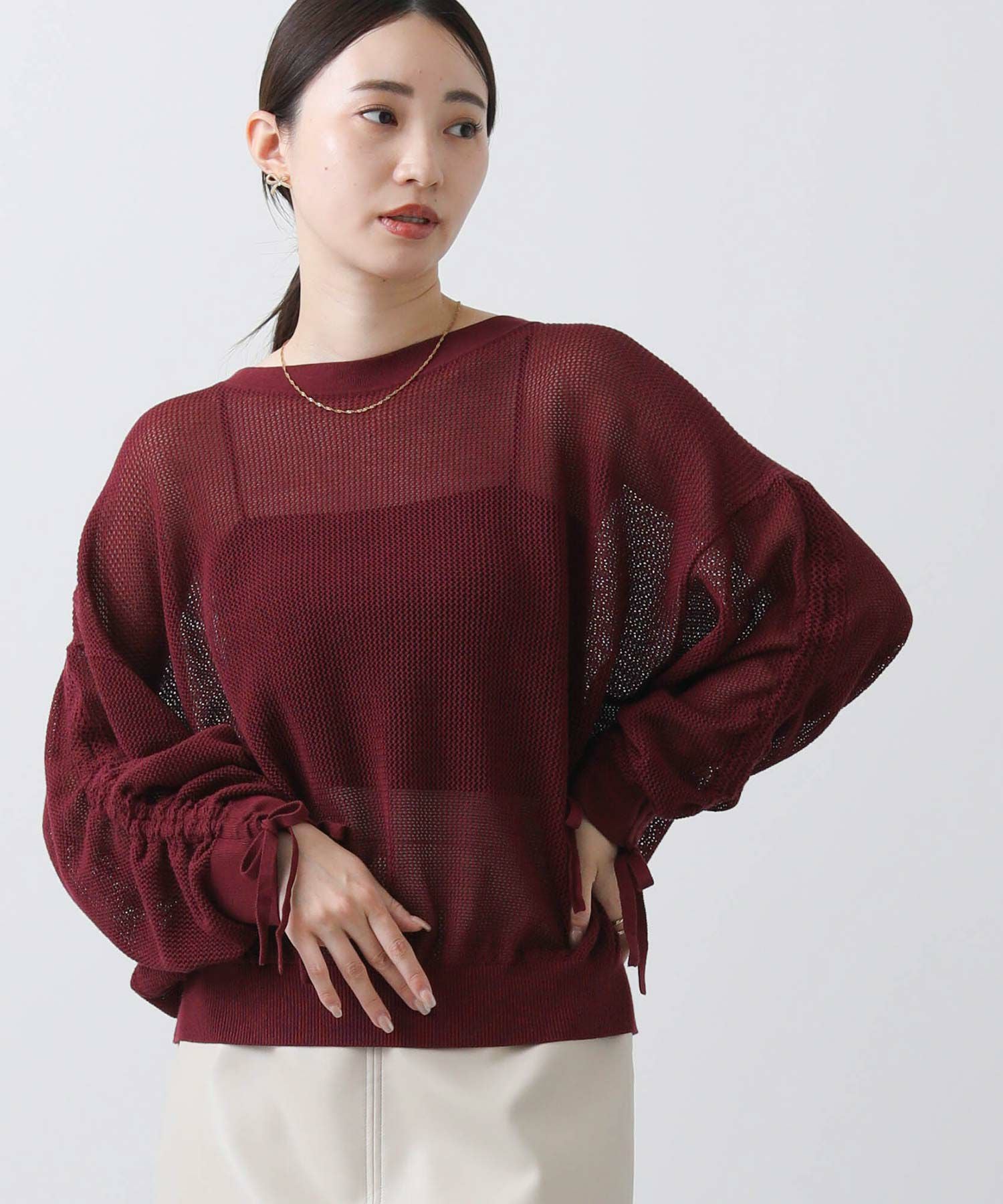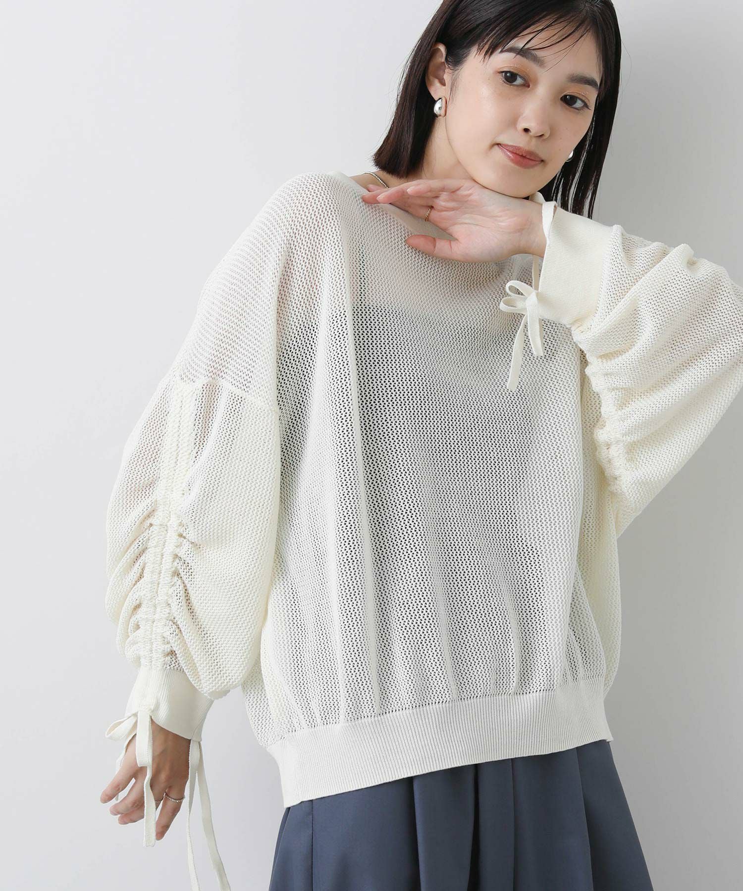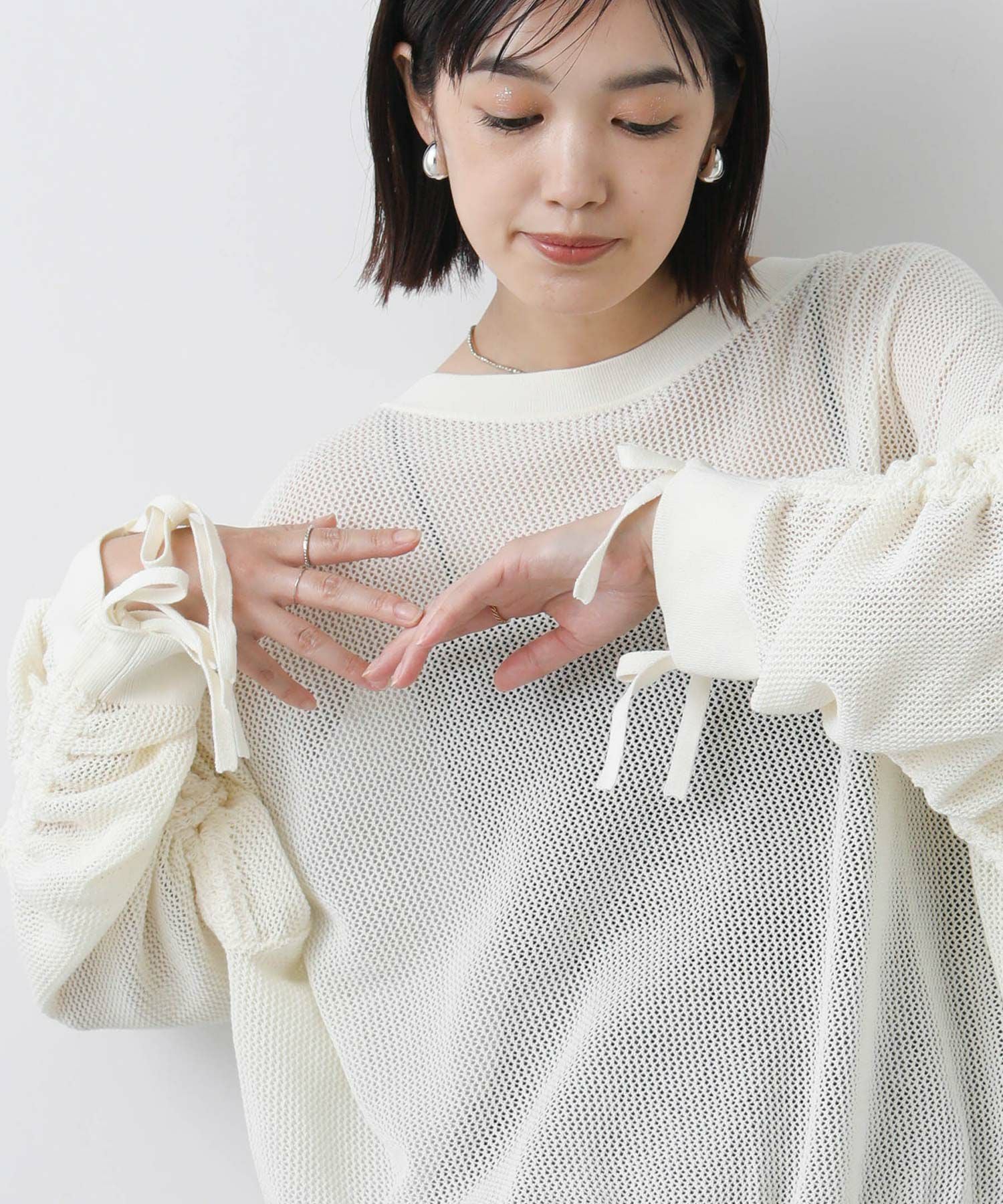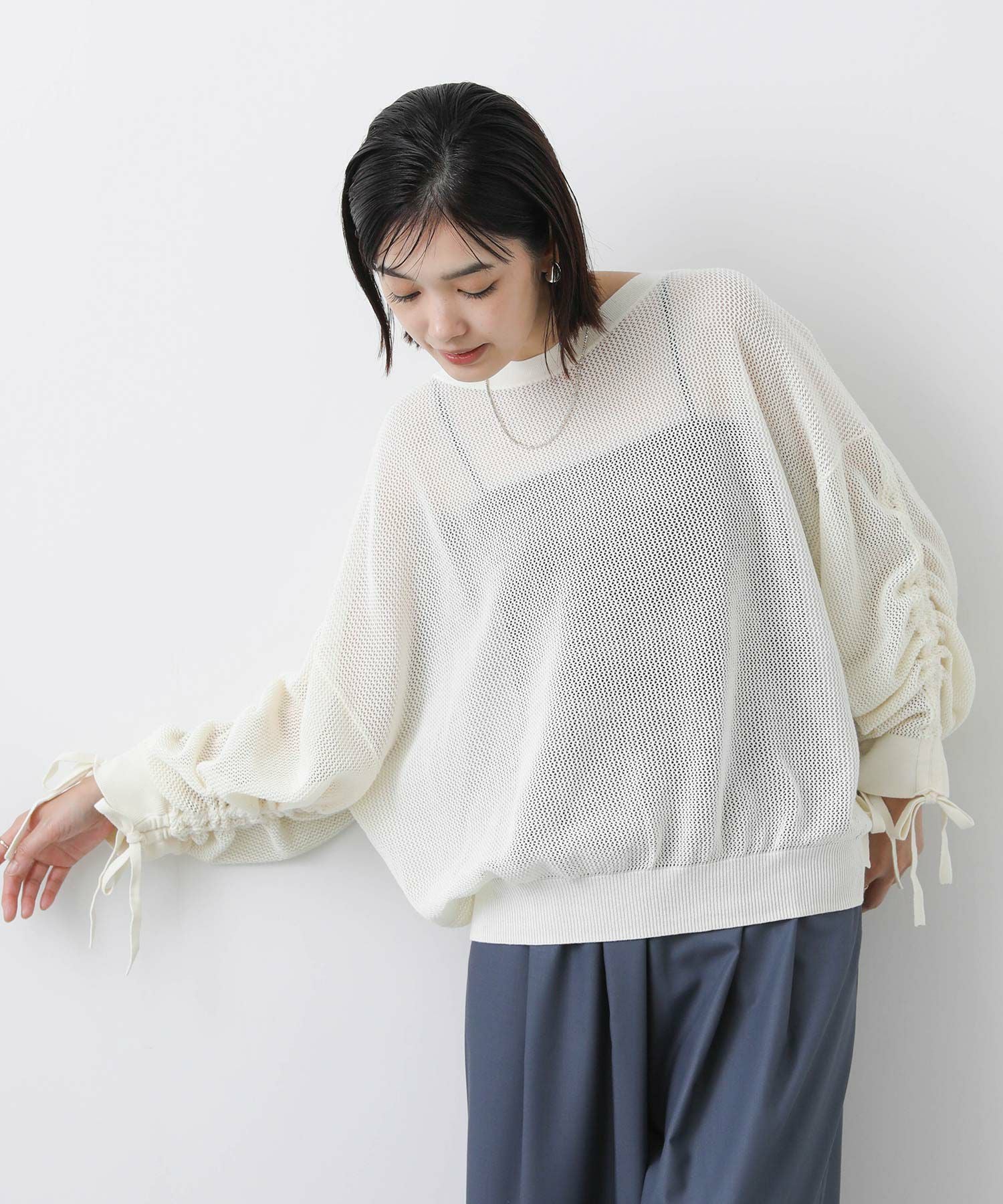 ワイドシルエットのメッシュ編みニット。
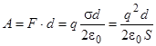 Формула (3.4) емкости плоского конденсатора справедлива только при малых значениях расстояния d между пластинами, когда можно пренебречь нарушениями однородности электростатического поля у краев пластин. Энергию конденсатора определим следующим образом. Для простоты рассмотрим плоский конденсатор, считая ε =1. На каждую пластину действует сила F = q∙Е = q (σ / 2εо), где q - заряд одной пластины, Е - поле, созданное другой пластиной. При изменении расстояния от 0 до d над конденсатором совершается работа Таким образом, заряженный конденсатор обладает энергией:
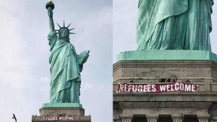 Las duras medidas del gobierno de Trump contra la inmigración y contra los inmigrantes que viven actualmente en Estados Unidos suscitaron protestas generalizadas. Horas después de que el Departamento de Seguridad Nacional presentara sus planes de deportación, activistas desplegaron una pancarta de 1 metro por 6 en la base de la Estatua de la Libertad con la leyenda “Bienvenidos, refugiados”.
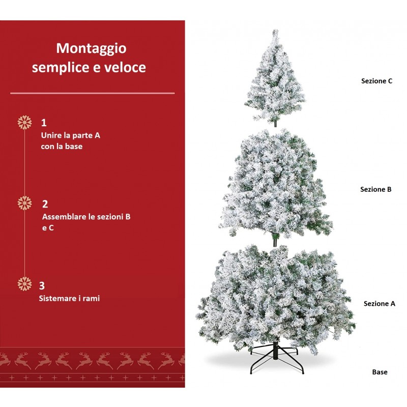 L'albero di Natale Rotex è un complemento di arredo indispensabile per rivivere, anno dopo anno, un'atmosfera natalizia unica ed indimenticabile. Quella magica atmosfera che ognuno di noi conserva ed attende sin dalla più tenera età. Un albero inimitabile per rendere calda ed accogliente la nostra casa rispettando la natura.Riproduce fedelmente la struttura tridimensionale dei caratteristici rami degli alberi di pino conferendo un realismo sbalorditivo.Grazie al sistema di montaggio e smontaggio ad ombrello, si monta facilmente e può essere riposto velocemente nella confezione originale.Estremamente folto grazie ai rami orientabili disposti in misura decrescente lungo la struttura portante è un albero dal grande impatto visivo.La struttura portante è completamente rivestita di aghi per conferire all'albero un aspetto realistico e per nulla plastico ed il supporto metallico mantiene l'albero stabile ed in perfetto equilibrio dalla base fino all'apice.È un albero artificiale i cui rami sono realizzati in pvc per proteggere e non danneggiare la natura. La tonalità di verde che lo caratterizza lo rende totalmente realistico.L'albero è stato innevato con neve artificiale ben distribuita in ogni punto e dunque non solo sulle estremità dei rami.Specifiche dell'albero di Natale Tirolese Innevato- struttura metallica centrale tubolare ad alta resistenza ricoperta di aghi di pino

= = = = =

= The problem =
Make an exact copy of the whole listing, but don't bring over any pictures.

= Problem solution =
 ワイドシルエットのメッシュ編みニット。
 Формула (3.4) емкости плоского конденсатора справедлива только при малых значениях расстояния d между пластинами, когда можно пренебречь нарушениями однородности электростатического поля у краев пластин. Энергию конденсатора определим следующим образом. Для простоты рассмотрим плоский конденсатор, считая ε =1. На каждую пластину действует сила F = q∙Е = q (σ / 2εо), где q - заряд одной пластины, Е - поле, созданное другой пластиной. При изменении расстояния от 0 до d над конденсатором совершается работа Таким образом, заряженный конденсатор обладает энергией:
 Las duras medidas del gobierno de Trump contra la inmigración y contra los inmigrantes que viven actualmente en Estados Unidos suscitaron protestas generalizadas. Horas después de que el Departamento de Seguridad Nacional presentara sus planes de deportación, activistas desplegaron una pancarta de 1 metro por 6 en la base de la Estatua de la Libertad con la leyenda “Bienvenidos, refugiados”.
 L'albero di Natale Rotex è un complemento di arredo indispensabile per rivivere, anno dopo anno, un'atmosfera natalizia unica ed indimenticabile. Quella magica atmosfera che ognuno di noi conserva ed attende sin dalla più tenera età. Un albero inimitabile per rendere calda ed accogliente la nostra casa rispettando la natura.Riproduce fedelmente la struttura tridimensionale dei caratteristici rami degli alberi di pino conferendo un realismo sbalorditivo.Grazie al sistema di montaggio e smontaggio ad ombrello, si monta facilmente e può essere riposto velocemente nella confezione originale.Estremamente folto grazie ai rami orientabili disposti in misura decrescente lungo la struttura portante è un albero dal grande impatto visivo.La struttura portante è completamente rivestita di aghi per conferire all'albero un aspetto realistico e per nulla plastico ed il supporto metallico mantiene l'albero stabile ed in perfetto equilibrio dalla base fino all'apice.È un albero artificiale i cui rami sono realizzati in pvc per proteggere e non danneggiare la natura. La tonalità di verde che lo caratterizza lo rende totalmente realistico.L'albero è stato innevato con neve artificiale ben distribuita in ogni punto e dunque non solo sulle estremità dei rami.Specifiche dell'albero di Natale Tirolese Innevato- struttura metallica centrale tubolare ad alta resistenza ricoperta di aghi di pino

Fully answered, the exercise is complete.